Purpose and Principles

  1. Task Groups are created to complete specifically defined objectives with identified deliverables and outcomes by a specified date or timeframe. Once an objective is completed the task group should expect to disband. If there is related follow-on work or new developments that require establishing a new objective, the task group may elect to continue in operation and reach out for new volunteer members to scope the new work.
  2. The first order of business for any TG initiatives is to canvas the member associations for preexisting work on the relevant subject matter to compile, compare and reconcile before starting something new; the purpose of the HSCC and its task groups is to coordinate.

Procedures

  1. The purpose of the initial meetings should be to agree on the scope of the Task Group: issue identification; problem to be solved; specific outcome the TG will work toward; key deliverables that will contribute to achievement of the outcome; and timeline for completion.
  2. Consider starting with weekly meetings to build initial momentum, and then adjust work flow and level of effort with TG members after objectives have been defined and progress commences
  3. Set and circulate agendas in advance of meetings/concalls with specific outcomes recommended for each meeting/concall.

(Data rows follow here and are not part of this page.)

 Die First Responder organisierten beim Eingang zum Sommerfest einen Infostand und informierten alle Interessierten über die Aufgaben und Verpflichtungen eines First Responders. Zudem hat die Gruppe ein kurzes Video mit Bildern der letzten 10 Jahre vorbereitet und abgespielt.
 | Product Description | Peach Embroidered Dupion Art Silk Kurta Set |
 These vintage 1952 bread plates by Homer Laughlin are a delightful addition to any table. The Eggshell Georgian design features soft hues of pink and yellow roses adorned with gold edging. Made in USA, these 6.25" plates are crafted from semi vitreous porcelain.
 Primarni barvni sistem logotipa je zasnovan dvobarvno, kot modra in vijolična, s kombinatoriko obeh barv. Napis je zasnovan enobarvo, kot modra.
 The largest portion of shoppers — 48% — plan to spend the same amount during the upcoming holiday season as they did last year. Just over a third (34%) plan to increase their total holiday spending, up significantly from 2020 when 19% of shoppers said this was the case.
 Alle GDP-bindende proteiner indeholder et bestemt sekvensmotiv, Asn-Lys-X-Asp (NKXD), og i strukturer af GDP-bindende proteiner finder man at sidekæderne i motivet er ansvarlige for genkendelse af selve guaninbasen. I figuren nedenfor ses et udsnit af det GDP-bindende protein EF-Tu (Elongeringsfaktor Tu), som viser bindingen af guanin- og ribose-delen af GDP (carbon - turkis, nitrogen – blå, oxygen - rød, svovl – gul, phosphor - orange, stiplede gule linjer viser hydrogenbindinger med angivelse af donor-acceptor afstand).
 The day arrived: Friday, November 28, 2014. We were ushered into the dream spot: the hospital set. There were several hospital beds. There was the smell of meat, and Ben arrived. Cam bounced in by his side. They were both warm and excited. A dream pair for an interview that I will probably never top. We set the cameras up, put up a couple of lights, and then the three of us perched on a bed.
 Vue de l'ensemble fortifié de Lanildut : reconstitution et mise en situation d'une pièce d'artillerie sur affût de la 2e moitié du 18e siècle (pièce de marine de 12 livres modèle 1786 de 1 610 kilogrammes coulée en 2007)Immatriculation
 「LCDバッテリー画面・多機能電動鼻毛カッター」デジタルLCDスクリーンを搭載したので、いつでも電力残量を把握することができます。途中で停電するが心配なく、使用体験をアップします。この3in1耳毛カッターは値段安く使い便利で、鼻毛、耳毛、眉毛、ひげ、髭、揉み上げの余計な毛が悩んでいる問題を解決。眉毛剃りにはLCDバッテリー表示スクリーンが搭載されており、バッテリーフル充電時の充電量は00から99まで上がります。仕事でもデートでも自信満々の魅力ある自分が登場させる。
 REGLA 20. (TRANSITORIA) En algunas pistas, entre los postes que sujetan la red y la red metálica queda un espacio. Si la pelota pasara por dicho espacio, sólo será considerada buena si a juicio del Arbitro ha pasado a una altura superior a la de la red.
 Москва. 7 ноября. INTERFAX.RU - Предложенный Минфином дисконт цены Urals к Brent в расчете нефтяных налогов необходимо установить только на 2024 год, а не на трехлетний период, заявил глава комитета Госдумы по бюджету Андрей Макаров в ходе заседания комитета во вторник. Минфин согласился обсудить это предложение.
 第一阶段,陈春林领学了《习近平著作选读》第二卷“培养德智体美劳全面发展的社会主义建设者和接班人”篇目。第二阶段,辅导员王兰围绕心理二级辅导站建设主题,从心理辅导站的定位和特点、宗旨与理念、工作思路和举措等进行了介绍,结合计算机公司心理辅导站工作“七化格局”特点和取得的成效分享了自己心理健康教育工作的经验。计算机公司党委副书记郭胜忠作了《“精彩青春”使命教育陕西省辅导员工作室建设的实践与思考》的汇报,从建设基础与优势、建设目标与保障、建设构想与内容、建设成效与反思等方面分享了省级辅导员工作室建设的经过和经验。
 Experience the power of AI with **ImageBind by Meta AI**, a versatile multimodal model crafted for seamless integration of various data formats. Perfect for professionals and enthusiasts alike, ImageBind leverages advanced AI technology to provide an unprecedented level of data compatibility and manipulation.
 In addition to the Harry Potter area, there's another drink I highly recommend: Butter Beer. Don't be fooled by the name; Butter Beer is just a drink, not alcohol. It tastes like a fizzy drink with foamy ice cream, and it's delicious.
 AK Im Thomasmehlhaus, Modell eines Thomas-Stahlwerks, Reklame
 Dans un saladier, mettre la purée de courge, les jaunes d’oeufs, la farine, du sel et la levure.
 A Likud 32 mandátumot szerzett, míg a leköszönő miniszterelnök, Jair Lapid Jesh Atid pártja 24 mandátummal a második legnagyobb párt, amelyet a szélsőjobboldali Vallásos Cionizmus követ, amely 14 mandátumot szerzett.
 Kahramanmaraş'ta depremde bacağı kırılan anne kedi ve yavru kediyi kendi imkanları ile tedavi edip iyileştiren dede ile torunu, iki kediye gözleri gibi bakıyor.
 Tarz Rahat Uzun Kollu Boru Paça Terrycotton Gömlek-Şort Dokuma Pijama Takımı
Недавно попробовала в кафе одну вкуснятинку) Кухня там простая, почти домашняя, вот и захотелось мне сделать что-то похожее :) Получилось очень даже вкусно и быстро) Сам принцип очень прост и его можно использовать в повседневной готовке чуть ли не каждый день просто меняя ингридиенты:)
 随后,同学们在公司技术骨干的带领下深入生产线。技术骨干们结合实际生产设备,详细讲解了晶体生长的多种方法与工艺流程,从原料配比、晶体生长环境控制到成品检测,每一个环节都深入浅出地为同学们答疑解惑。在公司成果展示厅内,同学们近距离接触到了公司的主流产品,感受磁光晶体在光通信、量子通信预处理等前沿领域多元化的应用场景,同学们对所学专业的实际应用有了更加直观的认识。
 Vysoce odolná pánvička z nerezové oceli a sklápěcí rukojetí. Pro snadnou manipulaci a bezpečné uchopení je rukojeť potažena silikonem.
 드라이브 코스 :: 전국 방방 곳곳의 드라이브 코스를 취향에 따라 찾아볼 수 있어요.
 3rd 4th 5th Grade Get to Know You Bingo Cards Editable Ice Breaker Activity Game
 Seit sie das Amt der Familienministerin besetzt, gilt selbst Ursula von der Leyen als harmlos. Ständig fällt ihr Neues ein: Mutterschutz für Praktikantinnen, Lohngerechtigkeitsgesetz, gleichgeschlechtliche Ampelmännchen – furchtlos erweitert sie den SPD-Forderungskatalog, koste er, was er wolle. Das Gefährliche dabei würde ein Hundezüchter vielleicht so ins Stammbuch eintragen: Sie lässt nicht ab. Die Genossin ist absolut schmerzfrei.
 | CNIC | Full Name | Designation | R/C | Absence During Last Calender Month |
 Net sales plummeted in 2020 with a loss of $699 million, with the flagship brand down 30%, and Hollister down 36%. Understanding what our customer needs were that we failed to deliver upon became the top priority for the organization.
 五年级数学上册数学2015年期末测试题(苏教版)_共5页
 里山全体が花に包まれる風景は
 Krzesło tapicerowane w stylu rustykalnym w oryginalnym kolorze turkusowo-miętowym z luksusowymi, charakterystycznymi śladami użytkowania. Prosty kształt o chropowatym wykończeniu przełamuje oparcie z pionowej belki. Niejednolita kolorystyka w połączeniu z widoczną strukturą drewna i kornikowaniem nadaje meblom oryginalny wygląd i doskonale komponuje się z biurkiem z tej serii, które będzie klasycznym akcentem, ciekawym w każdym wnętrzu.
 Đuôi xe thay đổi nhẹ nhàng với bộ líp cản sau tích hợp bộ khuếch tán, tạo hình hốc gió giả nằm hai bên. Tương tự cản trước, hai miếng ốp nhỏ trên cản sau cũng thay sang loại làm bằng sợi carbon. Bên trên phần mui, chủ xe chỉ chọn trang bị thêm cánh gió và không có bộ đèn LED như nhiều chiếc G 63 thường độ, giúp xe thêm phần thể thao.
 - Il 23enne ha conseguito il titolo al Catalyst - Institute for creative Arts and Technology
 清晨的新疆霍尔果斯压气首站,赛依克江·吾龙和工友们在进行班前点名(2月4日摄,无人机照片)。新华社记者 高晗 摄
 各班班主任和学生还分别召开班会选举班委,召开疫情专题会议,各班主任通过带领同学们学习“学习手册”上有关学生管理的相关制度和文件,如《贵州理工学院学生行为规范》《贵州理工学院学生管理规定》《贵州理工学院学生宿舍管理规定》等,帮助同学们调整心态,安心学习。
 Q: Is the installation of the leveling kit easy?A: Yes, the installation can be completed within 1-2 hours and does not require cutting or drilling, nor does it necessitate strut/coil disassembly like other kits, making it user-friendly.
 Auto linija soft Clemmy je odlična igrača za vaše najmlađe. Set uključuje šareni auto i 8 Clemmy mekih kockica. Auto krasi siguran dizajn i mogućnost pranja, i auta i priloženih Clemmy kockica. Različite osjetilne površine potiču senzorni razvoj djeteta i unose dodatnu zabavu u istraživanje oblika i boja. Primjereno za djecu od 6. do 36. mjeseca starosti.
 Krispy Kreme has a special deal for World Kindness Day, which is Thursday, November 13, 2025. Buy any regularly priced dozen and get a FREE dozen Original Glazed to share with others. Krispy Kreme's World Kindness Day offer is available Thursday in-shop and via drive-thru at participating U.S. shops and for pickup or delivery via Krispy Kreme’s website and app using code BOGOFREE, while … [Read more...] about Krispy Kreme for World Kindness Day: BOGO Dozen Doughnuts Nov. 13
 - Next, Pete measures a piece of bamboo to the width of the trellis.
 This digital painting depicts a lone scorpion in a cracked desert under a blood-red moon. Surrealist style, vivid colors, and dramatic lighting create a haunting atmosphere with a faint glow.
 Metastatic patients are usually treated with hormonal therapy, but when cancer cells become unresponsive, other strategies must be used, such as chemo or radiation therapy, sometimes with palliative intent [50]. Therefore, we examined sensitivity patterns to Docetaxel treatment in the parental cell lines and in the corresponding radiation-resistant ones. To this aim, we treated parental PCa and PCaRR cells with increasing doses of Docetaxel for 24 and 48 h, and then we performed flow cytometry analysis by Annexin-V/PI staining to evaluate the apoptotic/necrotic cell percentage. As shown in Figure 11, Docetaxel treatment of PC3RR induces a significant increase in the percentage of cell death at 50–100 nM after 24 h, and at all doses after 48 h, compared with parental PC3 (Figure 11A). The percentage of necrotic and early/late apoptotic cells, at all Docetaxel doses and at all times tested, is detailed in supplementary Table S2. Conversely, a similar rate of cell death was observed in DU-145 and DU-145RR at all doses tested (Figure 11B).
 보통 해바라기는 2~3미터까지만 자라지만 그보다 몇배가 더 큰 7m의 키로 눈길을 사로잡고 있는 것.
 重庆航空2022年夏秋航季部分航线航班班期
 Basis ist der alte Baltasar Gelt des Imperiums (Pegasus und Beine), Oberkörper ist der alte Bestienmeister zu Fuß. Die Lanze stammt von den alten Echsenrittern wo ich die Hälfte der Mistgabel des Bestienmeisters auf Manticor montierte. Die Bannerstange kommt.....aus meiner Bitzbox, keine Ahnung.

If work is underway and only brief status updates are necessary then TG Leads may consider bringing in guest speakers relevant to the task at hand.
  4. Take roll using the TG Roster to track member participation, or, if available, the HSCC CWG Executive Director will be on hand to take roll and track attendance over time.
  5. Record action items emerging from each meeting/call and report-out to the group within 2 business days to keep non-attending members informed.
  6. Executive Director will attempt to participate in/support as many TG calls as possible but 100% cannot be guaranteed.
  7. Share TG Rosters with your members and feel free to recruit more members as necessary.
  8. TG progress reporting routines will be determined by the leadership, through either regular CWG meetings/calls or electronically as available.
  9. All HSCC member representatives are welcome on any Task Group. If you recruit new members to your
    TG or members ask to join, please let Exec. Dir. know the individuals’ coordinates and their names information will be added to the member list. We will consider efficient ways to manage these lists and emails listserves.

Antitrust

As members of this organization and participants in these meetings, we need to be mindful of the constraints of the antitrust laws.